Book Reviews / Comments (submitted by readers)
 
Submitted by anthony lyle 
(Sep 10, 2009)

I love that Esslemont helped create the malazan world. I don't love this book.

It’s told from a different perspective than Erikson takes. Esslemont's story travels with 2 characters on the outside looking in. it's a tested style and often used by Erikson in limited quantity. but the expansive and inclusive style Erikson employs where the you jump from character to limitless number of characters - while acceptably tiring sometimes - gives the malazan world it's depth and due.

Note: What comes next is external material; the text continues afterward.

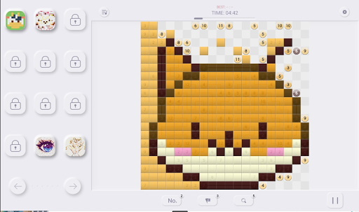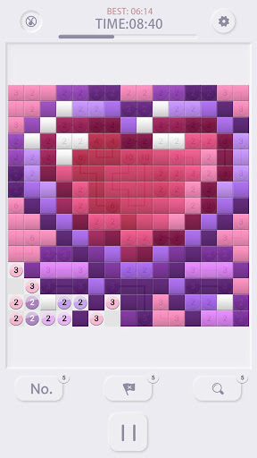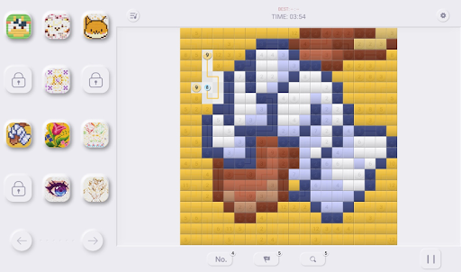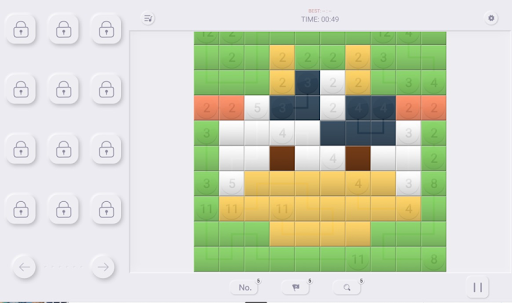 The rules of connecting squares are inspired by an article in a Japanese magazine in the early days. Each puzzle page consists of a grid containing clues in various places. Every clue, except for the 1’s, is half of a pair. The objective is to reveal a hidden art picture page by linking the pairs and painting the paths so that the number of squares in the path, including the squares at the ends, equals the value of the clues being linked together. Puzzle Paths may follow horizontal or vertical directions and are not allowed to cross other paths, depends on numbers, means it is a number pixel puzzle games in puzzle page.

You feel the grandiosity of the arcane and mythic expanse. With 'knight of knives,' you don't get that and you're stuck with the 2 characters that lead you around, watching not initiating. While erikson forces some annoying people, you can escape them in a couple pages. Here, you're stuck with one interesting but not spectacular soldier in hiding and one irritating numb-nuts of a waif. I felt claustrophobic stuck w/these characters. And wasn't given any of the trademark Erikson grandiosity to charge the atmosphere.

Honestly, the best thing in the book is the soldier's dassem ultor related backstory. Otherwise, not a bang-up beginning. The fact that the hook of this world is mythic hugeness means anything that doesn't retain that expected 'wow!' reward better have an equally excellent hook to replace it...and that simply wasn't here for me.